About 61.6% of patients (n = 61/99) had at least one comorbid condition, the most common being Vitamin D insufficiency/deficiency (Table 1). Approximately 20% of our patients (n = 20/99) suffered from a psychiatric condition, most commonly depression. Two patients had suffered from avascular necrosis of the hip(s) (See supplementary material for more information).

Clinical features

One-third (33.3%) of the symptoms at onset were sensory in nature, while 29% had optic neuritis at onset (Figure 2). 34% of patients (n = 34/99) had 2 or more of the following features at onset: sensory symptoms; weakness; optic neuritis; ataxia and vertigo; and Cranial nerve palsy. These symptoms were also usually the same presenting features when the patient first made contact with AKUHN, although urinary symptoms were also more common (present in 26.3% and 17.2% respectively). The mean duration between the first and second visit to AKUHN was 7.8 months (SD = 16.5). More than half (64.3%) of the patients (n = 63/99) who presented to AKUHN had a relapse and 52% (n = 51/99) were first seen in the inpatient setting (Table 1). EDSS scores were not reported within any of the clinic notes.

Figure 2.

Symptoms at onset and at the first AKUHN visit.

Investigations

More than half (53%) of patients (n = 52/99) had their first MRI prior to first visiting AKUHN, of which 42% (n = 22/52) had enhancing lesions. The mean duration from symptom onset to obtaining the first MRI of the CNS was 5.04 years (SD = 8.01) (Table 1). Majority of the patients (91%; n = 41/45) who had their first MRI at AKUHN had enhancing lesions. Among patients who had their first MRI prior to visiting AKUHN, 41% (41/52) met the radiologic criteria of MS. Among patients who had their first MRI at AKUHN, 82% (37/45) met the radiologic criteria of MS.
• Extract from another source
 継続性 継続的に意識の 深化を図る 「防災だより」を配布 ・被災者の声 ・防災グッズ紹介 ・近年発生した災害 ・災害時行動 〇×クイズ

During diagnostic evaluation, 63% of patients (n = 63/99) had CSF studies done, of which 39 patients were positive for CSF OCBs (as indicated by an elevated IgG level in CSF of more than 34 mg/l). There were no abnormalities in CSF white cell counts and no organisms isolated in CSF culture. All 45% of patients (n = 45/99) had VEPs done, of which 20 were abnormal. A total of 7 patients were evaluated for John Cunningham virus (JCV) antibodies, of which 3 were positive, all of whom were on natalizumab or rituximab.

Admissions and relapses

The mean number of visits to AKUHN was 8.29 (SD = 8.84), while the mean number of admissions during the study period was 1.85 (SD = 2.27). The mean duration to first relapse was 3.99 years (SD = 6.66). The most common reason for admission was relapse investigation and treatment (51.6%), followed by rituximab infusion (18.6%) and diagnostic workup (16.3%).
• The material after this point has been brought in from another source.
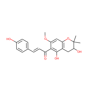 | InChI | InChI=1S/C21H22O6/c1-21(2)18(24)10-14-16(27-21)11-17(26-3)19(20(14)25)15(23)9-6-12-4-7-13(22)8-5-12/h4-9,11,18,22,24-25H,10H2,1-3H3/b9-6+ |

The overall relapse rate was 0.79/year in RRMS patients, and 0.10/year for SPMS. Majority of the relapses occurred while off a DMT (72.7%). The relapse rate after DMT commencement was significantly lower than the relapse rate before DMT (0.59 vs 0.90 relapses/year, p = 0.042) (Table 1).

Two patients underwent plasma exchange as relapse treatment, while the rest of the patients received IVMP for relapses.
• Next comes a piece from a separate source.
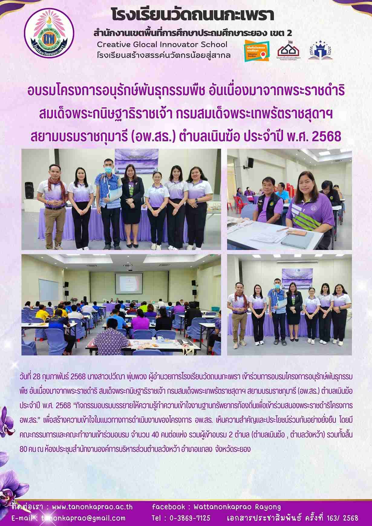 วันที่ 28 กุมภาพันธ์ 2568 เข้าร่วมอบรม โครงการอนุรักษ์ พันธุกรรมพืชอันเนื่องมาจากพระราชดำริ สมเด็จพระกนิษฐาธิราช กรมสมเด็จพระเทพฯรัตนราชสุดาสยามบรมราชกุมารี (อพ.สธ)

Disease modifying therapies

The mean duration between MS diagnosis and to starting DMT was 22.2 months (SD = 37.9) for RRMS patients and 69.8 months (SD = 79.9) for SPMS patients in the cohort. Most of the patients (82.65%; 81/99) had not received DMT prior to their first visit to AKUHN, of which 81.5% (n = 66/81) were RRMS patients (Table 2). Of the patients who had received DMT prior to their first visit in AKUHN (n = 17/99), 5 patients had SPMS. About 32 patients (48.5%) with RRMS had DMTs initiated for the first time when they visited AKUHN. Approximately 48% of patients (n = 47/99) never received DMT at all, of which 34 had RRMS. Visiting AKUHN was significantly associated with DMT initiation (p < 0.001) (Table 2).

Table 2.

DMT use in MS patients – Placed after section on disease modifying therapies.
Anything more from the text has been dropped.